REQUIRED ACTION:
Everything in the listing below should be repeated exactly, apart from the pictures.

++++ DATA EXCERPT ++++

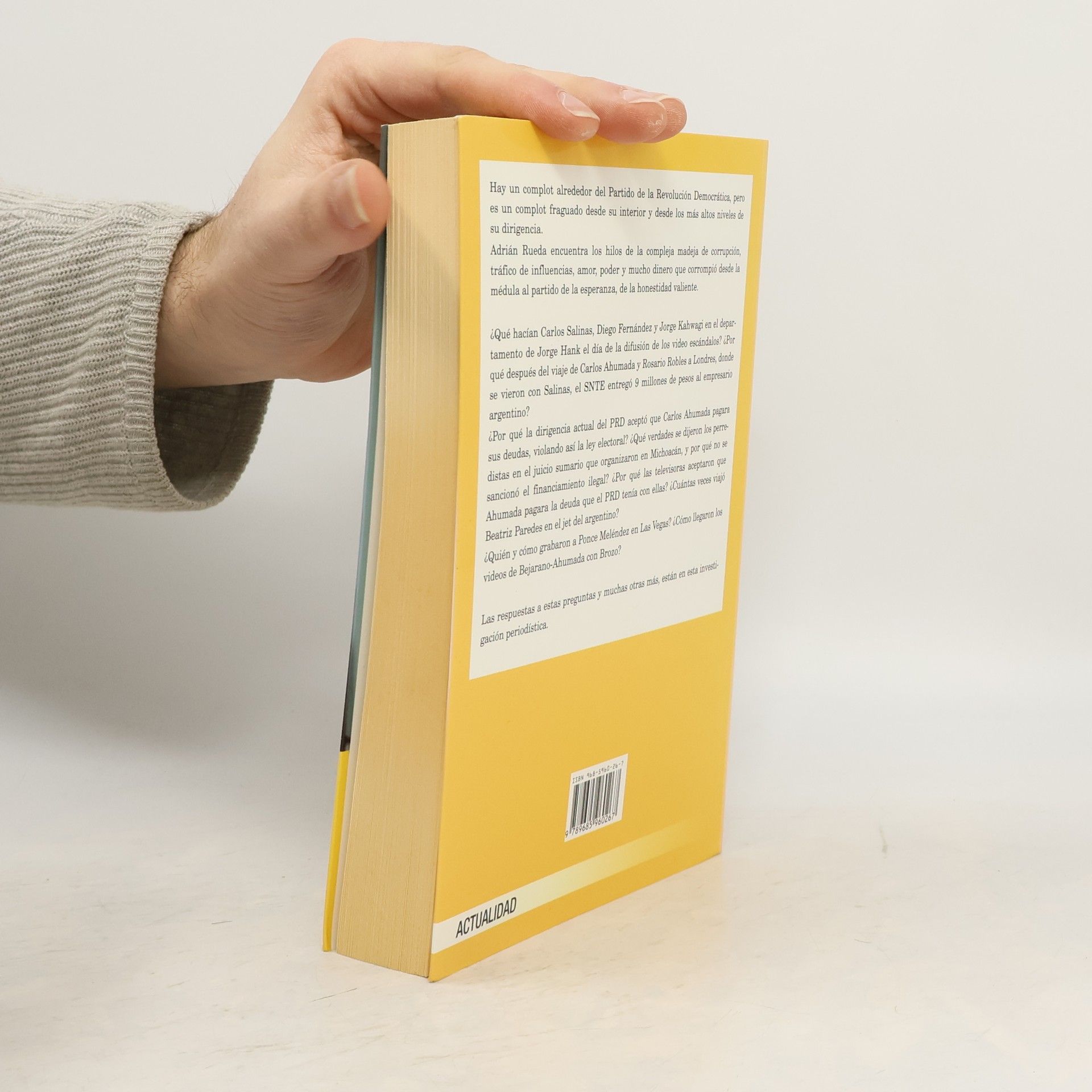 Hay un complot alrededor del Partido de la Revolucion Democratica, pero es un complot fraguado desde su interior y desde los mas altos niveles de su dirigencia. Adrian Rueda encuentra los hios de la compleja madeja de corruption, traficó de influencias, amor, poder y mucho dinero que corrompió desde la medula al partido de la esperanza, de la honestidad valiente. Que hacian Carlos Salinas, Diego Fernandez y Jorge kahwagi en el departamento de Jorge Hank el dia de la difusion de los video escandalos? Por que después del viaje de Carlos Ahumada y Rosario Robles a londres, donde se vieron con Salinas, el SNTE entrego 9 milions de pesos al empresario argentino? Por que la dirigencia actual del PRD acepto que Carlos Ahumada pagara sus deudes, violando asi la ley electoral? Que verdades se dijeron los perredistas en el juicio sumario que organizaron en Michoacan, y por que no se sanciono el financiamiento ilegal? Por que las televisoras aceptaron que Ahumada pagara la deuda que el PRD tenia con ellas? Cuantas veces viajo Beatriz Paredes en el jet del argentino? Quien y como grabaron a Ponce Melendez en Las Vegas? Como llegaron los videos de Bejarano con Brozo? Las respuestas a estas preguntas y muchas otras mas, esta en esta investigación periodística --- from book's back cover.
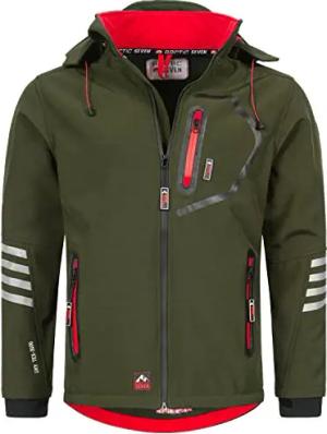 Herren Softshell Jacke Funktionsjacke Outdoor Regenjacke Atmungsaktiv Fleece Innenfutter AS301 [AS-301-Olive-Rot-Gr.S]
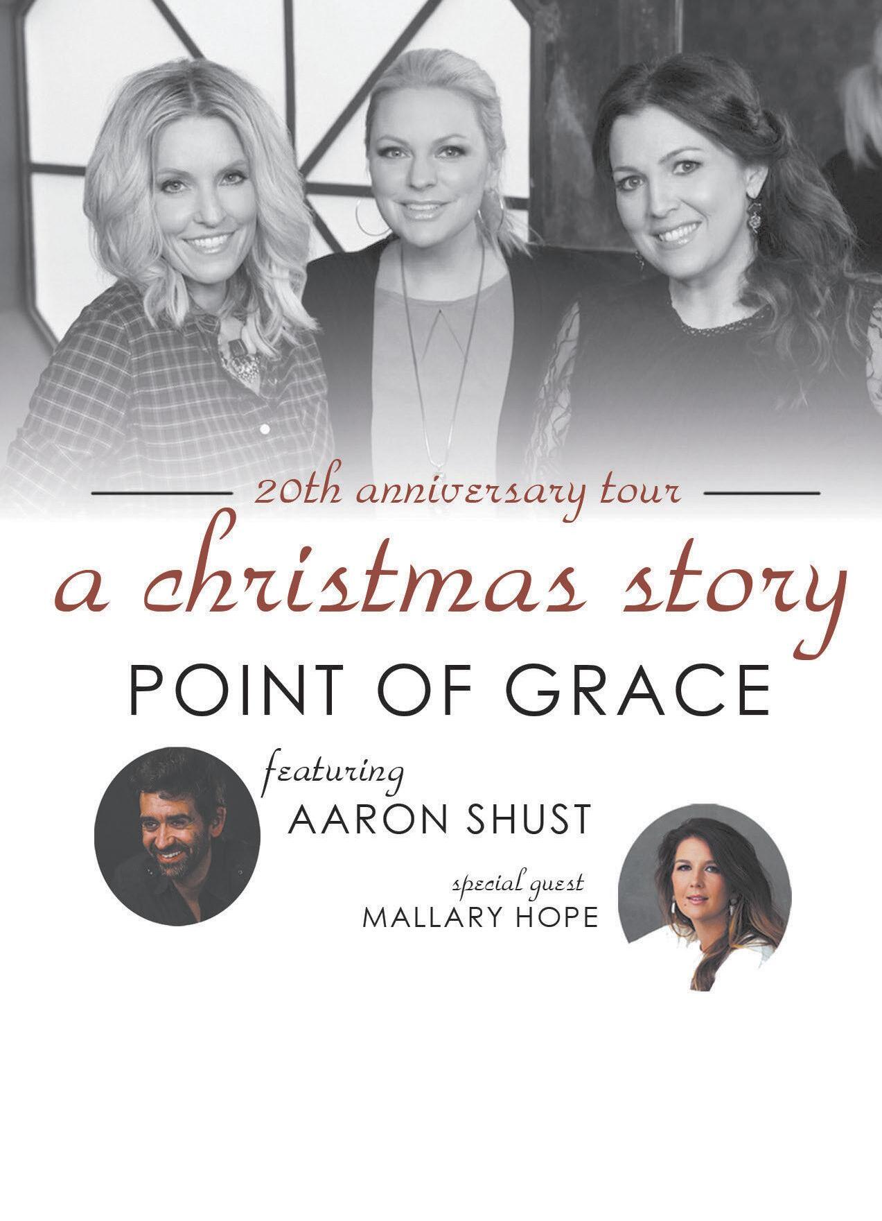 • Saturday, Dec. 21, Point of Grace with Aaron Shust and Mallary Hope, 7:30 p.m., $55/$35/$25

++++

RESULT BELOW:
 Hay un complot alrededor del Partido de la Revolucion Democratica, pero es un complot fraguado desde su interior y desde los mas altos niveles de su dirigencia. Adrian Rueda encuentra los hios de la compleja madeja de corruption, traficó de influencias, amor, poder y mucho dinero que corrompió desde la medula al partido de la esperanza, de la honestidad valiente. Que hacian Carlos Salinas, Diego Fernandez y Jorge kahwagi en el departamento de Jorge Hank el dia de la difusion de los video escandalos? Por que después del viaje de Carlos Ahumada y Rosario Robles a londres, donde se vieron con Salinas, el SNTE entrego 9 milions de pesos al empresario argentino? Por que la dirigencia actual del PRD acepto que Carlos Ahumada pagara sus deudes, violando asi la ley electoral? Que verdades se dijeron los perredistas en el juicio sumario que organizaron en Michoacan, y por que no se sanciono el financiamiento ilegal? Por que las televisoras aceptaron que Ahumada pagara la deuda que el PRD tenia con ellas? Cuantas veces viajo Beatriz Paredes en el jet del argentino? Quien y como grabaron a Ponce Melendez en Las Vegas? Como llegaron los videos de Bejarano con Brozo? Las respuestas a estas preguntas y muchas otras mas, esta en esta investigación periodística --- from book's back cover.
 Herren Softshell Jacke Funktionsjacke Outdoor Regenjacke Atmungsaktiv Fleece Innenfutter AS301 [AS-301-Olive-Rot-Gr.S]
 • Saturday, Dec. 21, Point of Grace with Aaron Shust and Mallary Hope, 7:30 p.m., $55/$35/$25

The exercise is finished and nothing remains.